Veni, Vidi, Varda - L'édito d'Eric Libiot

29 mai 2024
Eric Libiot, rédacteur en chef d'Ecran total, livre son point de vue sur la semaine écoulée et sur les enjeux de celles à venir.
les glaneurs et la glaneuse

Mettre à disposition gratuite Les Glaneurs et la glaneuse et les soixante heures de rushes tournés par la cinéaste afin que chacun puisse en imaginer un nouveau montage.

Il faut toujours faire confiance à la patate. C'est une amie capable de tout, en toutes circonstances, et qui, comme souvent au cinéma, s’accorde à nos désirs (au four, à l’eau, en gratin, en robe des champs, en salade, etc). C’est surtout l’héroïne de Les Glaneurs et la glaneuse (2000), merveilleux film d’Agnès Varda dans lequel la réalisatrice s’en va, caméra au poing, à la rencontre de ceux et celles qui ramassent, récupèrent, chinent et grappillent des pommes de terre laissées à terre et mille autres choses parce que les fins de mois sont trop à la peine. À son habitude, Agnès Varda cuisine ses images et ses invités avec empathie, douceur et intelligence. Chacun se souvient des patates en forme de coeur qui, tout à coup, apportent à ce documentaire, une poésie insoupçonnée.

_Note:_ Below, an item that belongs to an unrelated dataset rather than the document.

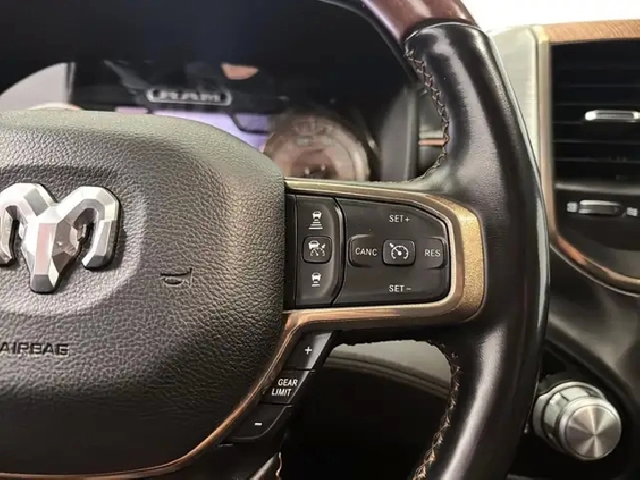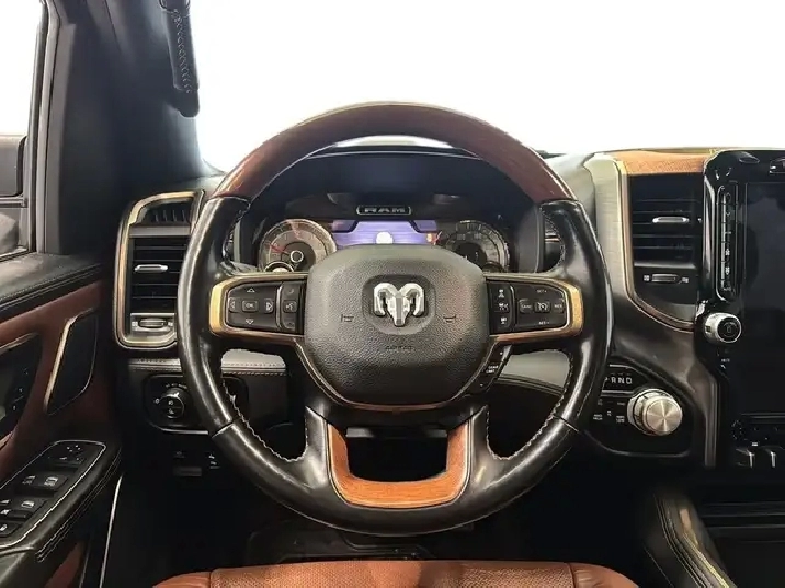 RAM 1500 LARAMIE LONGHORN 4X4 2022 5,7 L HEMI Avec couvre-caisse et marchepieds retractables Disponible des maintenant chez Desmeules Chrysler a Laval Decouvrez un camion pleine grandeur qui combine puissance emblematique, luxe raffine et equipements pratiques. Le Ram 1500 Longhorn 4x4 2022, propulse par le legendaire moteur 5,7 L HEMI V8, offre des performances impressionnantes, une sonorite distinctive et un confort exceptionnel, autant pour le travail que pour les deplacements quotidiens. CARACTERISTIQUES PRINCIPALES Moteur 5,7 L HEMI V8 reconnu pour sa puissance, sa fiabilite et son couple genereux; Transmission automatique performante; Traction integrale 4x4 assurant une maitrise optimale en toutes saisons; Excellente capacite de remorquage; Conduite souple, stable et etonnamment silencieuse pour un camion V8. FINITION LONGHORN LUXE DISTINCTIF Interieur cuir premium avec surpiqures et details Longhorn exclusifs; Sieges avant chauffants et ventiles; Volant chauffant gaine de cuir; Garnitures en bois veritable et metal; Ambiance haut de gamme unique dans la categorie. EQUIPEMENTS PRATIQUES INCLUS Couvre-caisse pour une protection et une polyvalence accrues; Marchepieds retractables electriques facilitant l'acces a bord; Hayon assiste; Boite de chargement robuste et fonctionnelle; Multiples espaces de rangement intelligents. TECHNOLOGIES & CONNECTIVITE Grand ecran tactile central avec systeme multimedia avance; Apple CarPlay et Android Auto; Systeme audio premium; Camera de recul avec aides visuelles; Commandes audio et telephone au volant. SECURITE & AIDES A LA CONDUITE Regulateur de vitesse adaptatif; Surveillance des angles morts; Alerte de collision avant avec freinage d'urgence; Aide au stationnement avant et arriere; Controle de stabilite et de traction. LE CAMION DE LUXE A L'ETAT PUR Le Ram 1500 Longhorn 4x4 2022 5,7 L HEMI est le choix ideal pour ceux qui recherchent un camion puissant, raffine et polyvalent, sans compromis sur le confort ni sur les performances. Un vehicule qui se distingue autant par son style que par sa capacite. Disponible des maintenant chez Desmeules Chrysler a Laval. ACHETER EN TOUTE CONFIANCE CHEZ DESMEULES CHRYSLER Inspection certifiee complete; Options de financement simples et rapides; Garantie prolongee disponible; Echange accepte; Jusqu'a 90 jours sans paiements (selon approbation).

Mais je ne suis pas là pour causer tubercule. Plutôt de la formidable initiative de Rosalie Varda et de Mathieu Demy, fille et fils de, aux manettes aujourd'hui de Ciné Tamaris qui “s’occupe de faire vivre les films d’Agnès Varda et de Jacques Demy.” C’est un projet “inédit d’éducation à l’image” à l’intention des écoles de cinéma et des étudiants du monde entier : mettre à disposition gratuite Les Glaneurs et la glaneuse et les 60 heures de rushes tournés par la cinéaste afin que chacun puisse, à convenance, imaginer un nouveau montage du documentaire et le partager sur le même site (glaneursglaneuse.com). Dans cinq ans Rosalie et Mathieu glaneront les films ainsi réinventés et organiseront un colloque sur l’écriture documentaire.

C’est, semble-t-il, une première mondiale, lancée à Cannes il y a un an en présence de Martin Scorsese. Et une idée de génie(s). Qui dépasse le simple cadre dans lequel elle s’épanouit. Agnès Varda avait le goût de la transmission chevillée à sa petite caméra. Ses enfants ont bien appris sa leçon, qui comptent aussi proposer les images inédites tournées par la réalisatrice.

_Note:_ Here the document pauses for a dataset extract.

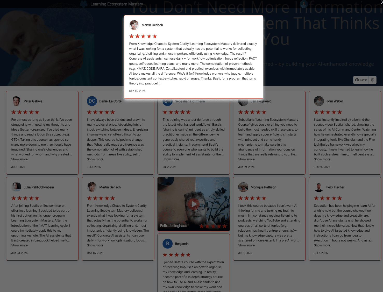 Hey Reader, Full transparency upfront: This is a sales email. But it's also a genuine invitation to two things I'm launching next week – both designed to help you turn knowledge into value and make AI your thinking partner. Both programs are in German. If that works for you, read on. OPTION 1: Learning Ecosystem Mastery (Cohort 4) Starts: Tuesday, January 20nd Focus: Turn your knowledge into value + establish AI as your thinking partner This is for you if you want to spend the first months of...

Il faudrait mille initiatives de ce genre. D’autant qu’elle est soutenue par des acteurs publics (CNC, Cinémathèque, INA, Institut Lumière…) et privés (Netflix, MK2 films, Chanel…). C’est donc possible. A l’heure où chacun cherche son chat et surtout un moyen de faire revenir les jeunes en salles et les détourner de tic tak tok, au moment où la Ministre de la culture souhaite ardemment que les “œuvres puisse être accessibles à tous les publics et sur tous les territoires”, à l’instant où les dispositifs cinéma à l’école, au collège ou au lycée souffrent de la désaffection des profs, poussés par le Ministère de l’Éducation nationale à s’occuper de ce qui les regarde, et de rien d’autre, à la seconde où l’IAïe discute en circuit fermé avec elle-même, réinventer le cinéma n’est pas moins important.

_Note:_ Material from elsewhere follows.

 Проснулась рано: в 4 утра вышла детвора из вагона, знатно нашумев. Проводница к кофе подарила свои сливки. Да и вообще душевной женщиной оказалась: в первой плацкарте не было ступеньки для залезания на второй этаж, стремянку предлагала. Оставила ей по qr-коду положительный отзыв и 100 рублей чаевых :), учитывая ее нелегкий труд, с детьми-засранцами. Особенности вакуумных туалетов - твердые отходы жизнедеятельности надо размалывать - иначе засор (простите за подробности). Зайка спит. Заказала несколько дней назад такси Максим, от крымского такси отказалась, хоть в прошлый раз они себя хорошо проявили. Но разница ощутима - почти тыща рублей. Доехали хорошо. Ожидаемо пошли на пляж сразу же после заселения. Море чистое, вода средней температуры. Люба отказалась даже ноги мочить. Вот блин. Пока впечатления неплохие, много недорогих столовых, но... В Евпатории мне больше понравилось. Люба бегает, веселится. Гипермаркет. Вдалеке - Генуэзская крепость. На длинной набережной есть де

Aujourd’hui, la technologie permet ce large partage et l’utilisation de ce grand terrain de jeu/je qu’est l’univers d’un artiste. J’ai vu un étudiant remonter la scène de l’avion dans La Mort aux trousses d’Hitchcock sans utiliser les plans avec l’avion. C’était formidable d’invention. Car il s’agit bien, aussi, de jouer. De s’amuser. De créer. D’essayer. De se tromper. De réussir. En trois mots : d’être acteur. C’est sans doute ce qui manque le plus : redonner la parole, et, en l’occurrence, la main, à toutes celles et ceux dont les institutions voudraient s’occuper. Faut y aller. Vraiment. Franchement. Le (jeune) public n’est pas un mouton que l’on pousse à brouter, il faut qu’il se sente concerné pour retrouver la frite.